A simple yet powerful movie recommendation web application built with Python and Streamlit. This app allows users to get personalized movie suggestions based on a collaborative filtering model.
- Search Functionality: Look up any movie present in the MovieLens 100k dataset with fuzzy search.
- Similarity-Based Recommendations: Get 5 movie recommendations based on the cosine similarity of user ratings.
- Top Rated Homepage: The homepage displays the Top 10 highest-rated movies in the dataset (minimum 50 ratings).
- Rich UI: Fetches and displays movie posters from the OMDb API for a visually appealing experience.
- Interactive Interface: A clean and simple web interface powered by Streamlit.
- Backend: Python
- Web Framework: Streamlit
- Data Manipulation: Pandas, NumPy
- Machine Learning: Scikit-learn (for Cosine Similarity)
- APIs: OMDb API (for posters), Kaggle API (for dataset)
- Searching: rapidfuzz
The recommendation engine is built on the principle of collaborative filtering.
- Data Processing: The MovieLens 100k dataset is loaded and transformed into a user-movie rating matrix, where each row is a movie and each column is a user.
- Similarity Calculation: The cosine similarity is calculated between all movies in the matrix.
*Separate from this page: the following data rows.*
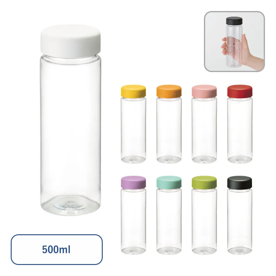 スリムなフォルムとクリア素材が特徴のボトルは、フルカラー印刷で映えるアイテム。中身が見えるデザインと相まって、オリジナルロゴやグラフィックがより印象的に。日常使いされやすく、長期的なPR効果が期待できます。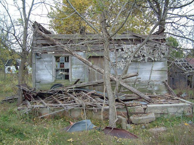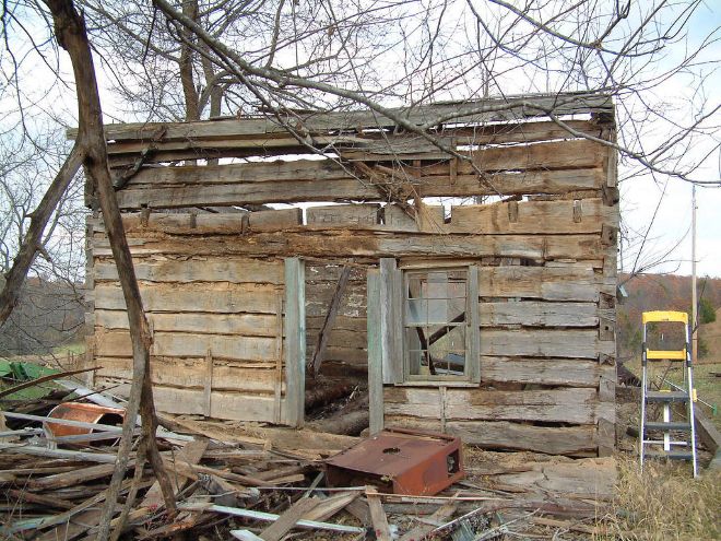 After plunking down a hundred bucks to the owner of the dilapidated mess, Richard was shocked to find the inside of the one-room hut full of dead trees, animal nests, and giant boulders leftover from the old foundation. The so-called “log cabin” was really just a huge mess enclosed in a barely-standing wooden shell.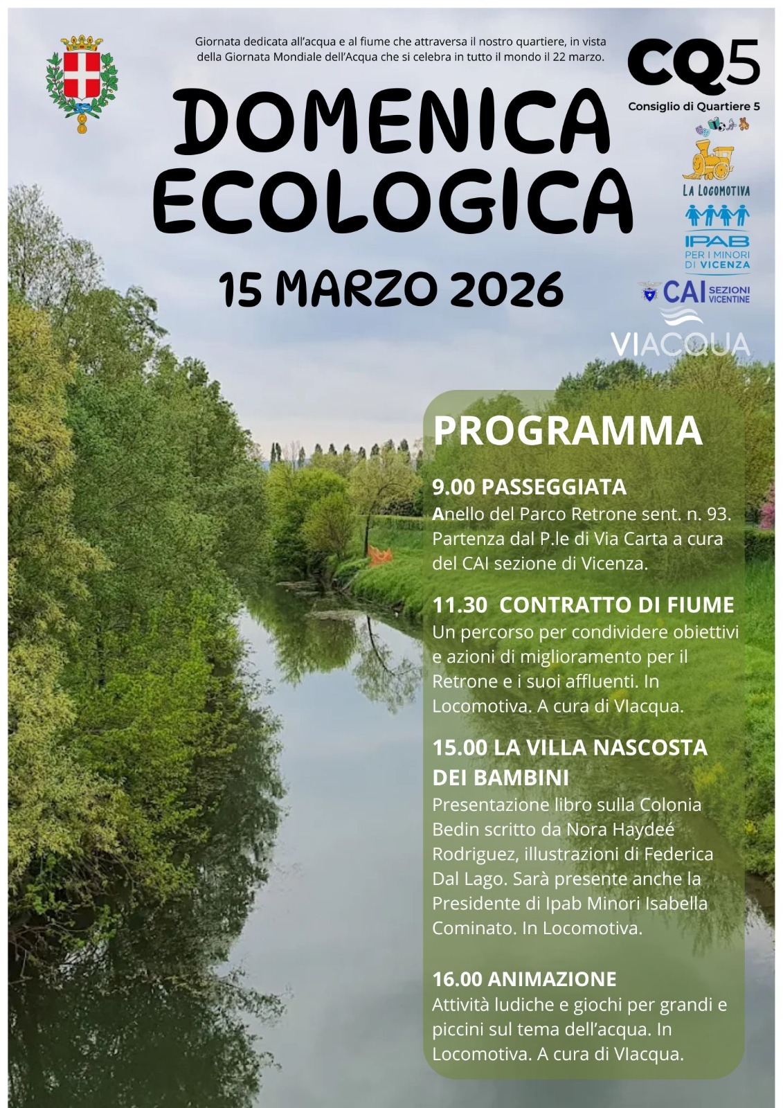 Il 15 marzo la domenica ecologica torna con attività, a cura del consiglio di quartiere 5 e con la collaborazione di La Locomotiva, IPAB per i minori di Vicenza, CAI Sezioni vicentine, ViAcqua. Si svolgerà inoltre la manifestazione sportiva StrAVicenza, motivo per cui sarà previsto il blocco alla circolazione in centro storico, nell’area all’interno delle mura storiche, dalle 9 alle 13.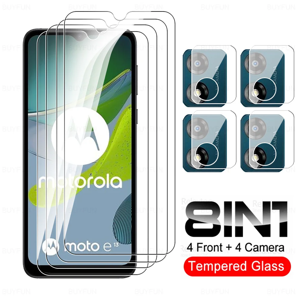 8 En 1 para Motorola Moto E13 4G Cámara protectora de vidrio templado Moto Rola MotoE13 E 13 13E 2023 6.5in protectores de pantalla película de lente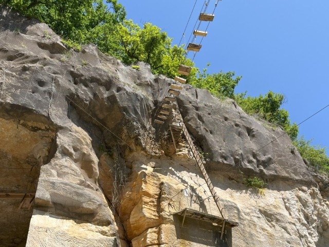 Een oude kalksteengroeve in de Yonne, waar bijna 1.000 jaar geleden stenen voor de basiliek van Vézelay werden uitgehouwen, is sinds 2004 ingericht als klimgrot. De opzet van deze locatie is uniek in Frankrijk en houdt het midden tussen Accrobranche (boomklimmen) en Via Ferrata (bergklimmen).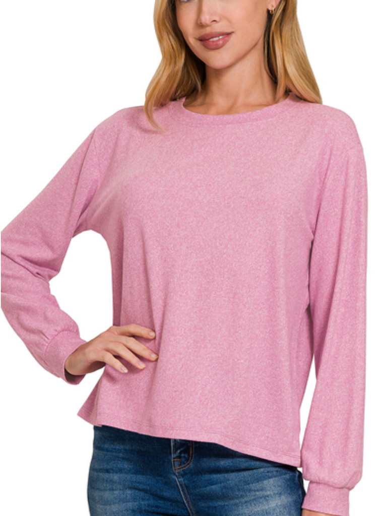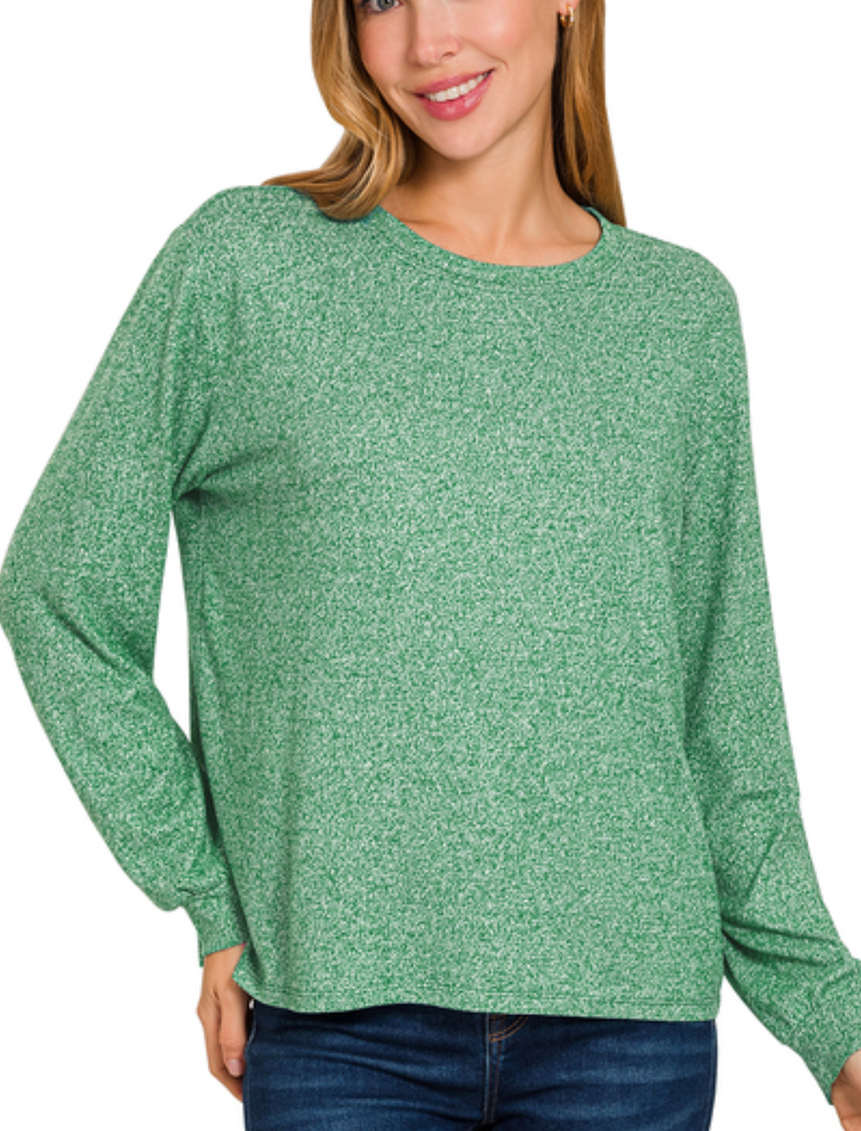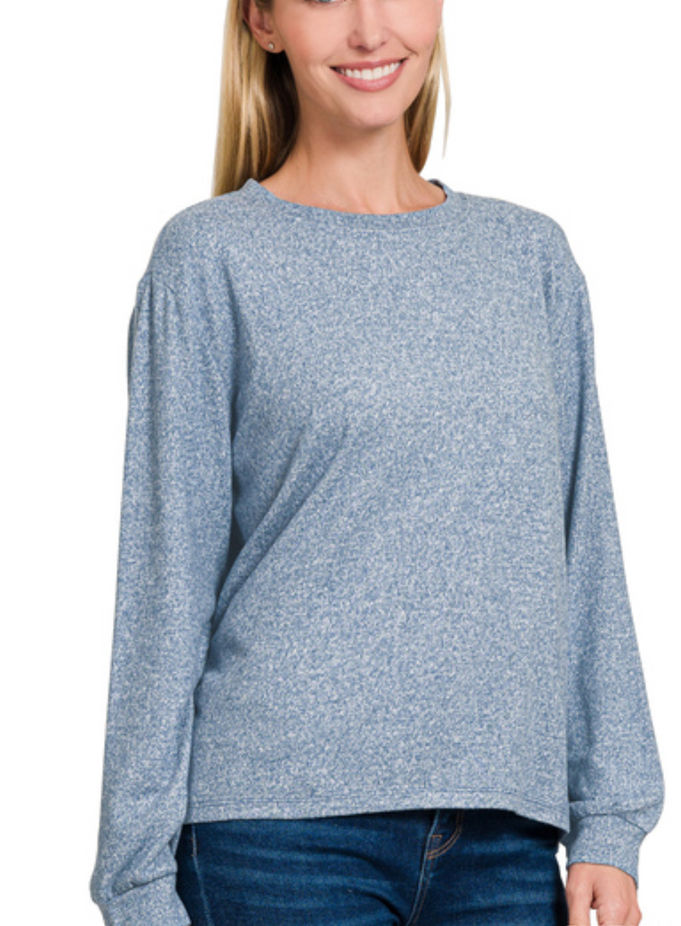 Expertly crafted with a relaxed, oversized fit and made from a luxuriously soft melange hacci material consisting of 95% polyester and 5% spandex, this round neck long sleeve shirt offers both comfort and style. Perfect for everyday wear or lounging at home, this shirt is a must-have addition to any wardrobe. Measures 23" long and 42" in the chest in size Small and 25" long and 50" in chest in 1X.

This score represents how similar two movies are based on the ratings they received from the same users.
- Recommendation: When a user selects a movie, the system retrieves the top 5 movies with the highest similarity scores to the selected movie, excluding the movie itself.
In simple terms, cosine similarity is a way to measure how similar two items are by looking at their orientation or direction, not their size or magnitude.
Imagine you represent each movie as an arrow (a vector) in a giant, multi-dimensional space. The direction of this arrow is determined by the ratings from all the users.
-
Each Movie is a Vector: Think of a movie like "Toy Story" as a long list of numbers, where each number is a rating from a specific user:
Toy Story Vector = [user1_rating, user2_rating, user3_rating, ...]-
Toy Story Vector = [4, 5, 0, 3, 5, ...](where 0 means the user didn't rate it)
-
Comparing Directions: Cosine similarity calculates the angle (
$\theta$ ) between the vectors of two movies.-
High Similarity (Value is close to 1): If "Toy Story" and "Finding Nemo" are both rated highly by the same group of people, their rating patterns are very similar. Their vectors will point in almost the exact same direction. The angle between them is very small, so their cosine similarity is close to 1.
-
Low Similarity (Value is close to 0): If "Toy Story" and a horror movie like "Saw" are rated by completely different groups of people, their rating patterns are unrelated. Their vectors will point in very different directions, almost at a 90-degree angle to each other. Their cosine similarity will be close to 0.
-
Cosine similarity is powerful because it ignores overall popularity. A niche indie film and a blockbuster could have very different numbers of ratings (different vector "lengths"), but if the same type of people liked both of them, they will be considered highly similar.
In short, it helps you find movies with a similar "taste profile".
Follow these instructions to get a copy of the project up and running on your local machine.
-
Clone the repository:
git clone [https://github.com/NotRemit/Movie-Recommeder.git](https://github.com/NotRemit/Movie-Recommeder.git) cd Movie-Recommeder -
Install the required libraries: (It's recommended to create a virtual environment first)
pip install -r requirements.txt
-
Download the dataset:
Download the dataset from Kaggle:
import kagglehub # Download latest version path = kagglehub.dataset_download("shubhammehta21/movie-lens-small-latest-dataset") print("Path to dataset files:", path)
-
Set up your API key:
Replace the placeholder in the code with your OMDb API key
API_KEY = "YOUR_API_KEY_HERE"
-
Run the Streamlit app:
streamlit run movieRec.py
The application should now be running in your web browser!